Contribution of Phase Resetting to Statistical Persistence in Stride Intervals: A Modeling Study

Abstract

Stride intervals in human walking fluctuate from one stride to the next, exhibiting statistical persistence. This statistical property is changed by aging, neural disorders, and experimental interventions. It has been hypothesized that the central nervous system is responsible for the statistical persistence. Human walking is a complex phenomenon generated through the dynamic interactions between the central nervous system and the biomechanical system. It has also been hypothesized that the statistical persistence emerges through the dynamic interactions during walking. In particular, a previous study integrated a biomechanical model composed of seven rigid links with a central pattern generator (CPG) model, which incorporated a phase resetting mechanism as sensory feedback as well as feedforward, trajectory tracking, and intermittent feedback controllers, and suggested that phase resetting contributes to the statistical persistence in stride intervals. However, the essential mechanisms remain largely unclear due to the complexity of the neuromechanical model. In this study, we reproduced the statistical persistence in stride intervals using a simplified neuromechanical model composed of a simple compass-type biomechanical model and a simple CPG model that incorporates only phase resetting and a feedforward controller. A lack of phase resetting induced a loss of statistical persistence, as observed for aging, neural disorders, and experimental interventions. These mechanisms were clarified based on the phase response characteristics of our model. These findings provide useful insight into the mechanisms responsible for the statistical persistence of stride intervals in human walking.
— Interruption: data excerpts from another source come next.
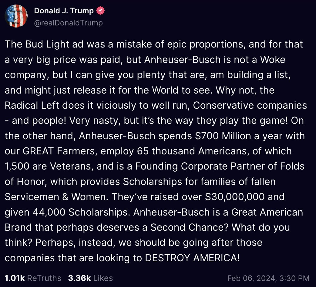 I want to see an AB Super Bowl commercial endorsing Trump for Pres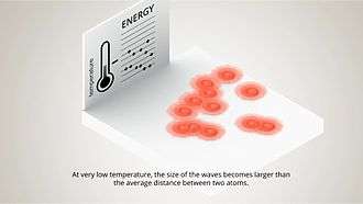 A Bose–Einstein condensate (BEC) is a state of matter of a dilute gas of bosons cooled to temperatures very close to absolute zero (that is, very near 0 K or −273.15 °C). Under such conditions, a large fraction of bosons occupy the lowest quantum state, at which point macroscopic quantum phenomena become apparent. It is formed by cooling a gas of extremely low density, about one-hundred-thousandth the density of normal air, to ultra-low temperatures.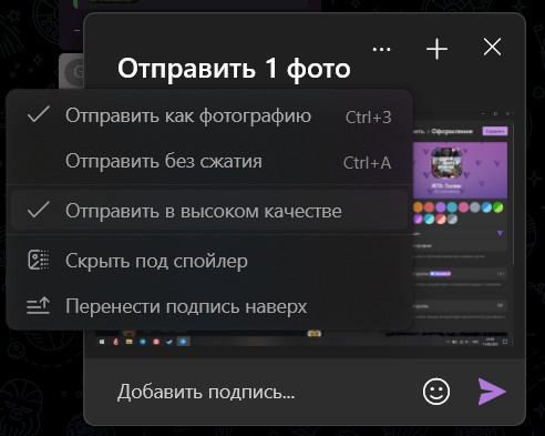 An option in Advanced Settings to send large photos (side limit up to 2560px)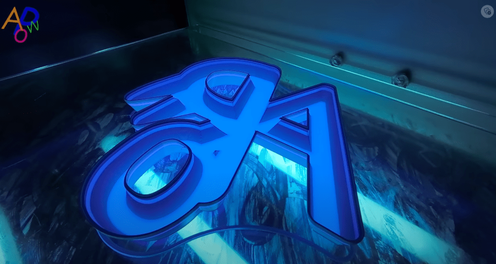 I came across this video showing a production process combining 3D printing, UV-cured resin and laser-cut back plate for building illuminated channel letters. Using custom-sized 3D FDM printers that look to have a print volume of roughly 600mm x 600mm x 75mm.

Keywords: central pattern generator; human walking; neuromechanical model; phase resetting; statistical persistence; stride interval fluctuation.

Figure 1

Neuromechanical model of human walking composed of CPG model with phase resetting and compass-type biomechanical model.

Figure 2

Dependence of gait performance on parameters A₁, A₂, and Δ without noise. (A) Contour of evaluation criterion ε for parameters that generate gait speed v = 0.3, 0.4, and 0.5 m/s. Data point indicates the parameter set that minimizes ε. (B) Parameter sets that minimize ε for each gait speed v.

Figure 3

Comparison of gait fluctuations between models with and without phase resetting at gait speed v = 0.4 m/s using noise amplitude ξ = 1 (see Supplementary Movie). (A) Angles θ₁ and θ₂. Black lines and colored areas indicate the average and standard deviation, respectively. (B) Stride intervals. (C) Plot of log F(n) for log n and scaling exponent α obtained from slope of fitted line.

Figure 4

Comparison of scaling exponent α for noise amplitude ξ between models with and without phase resetting at gait speed v = 0.4 m/s. Data points and error bars correspond to the means and standard deviations, respectively, of the results of 10 simulations.

Figure 5

Comparison of stride interval fluctuations for various values of gait speed v between models with and without phase resetting using noise amplitude ξ = 10⁻². (A) Stride intervals and (B) plot of log F(n) for log n for gait speed v = 0.3, 0.4, and 0.5 m/s. (C) Scaling exponent α vs. gait speed v. Data points and error bars correspond to the means and standard deviations, respectively, of the results of 10 simulations.

Figure 6

Phase shift caused by disturbance to limit cycle of walking. After recovery, locomotion phase is shifted (x₁ + ⋯ + x_N > Nτ).

Figure 7

Comparison of accumulated sum y of stride intervals between models with and without phase resetting at gait speed v = 0.4 m/s and using noise amplitude ξ = 1 in Figure 3.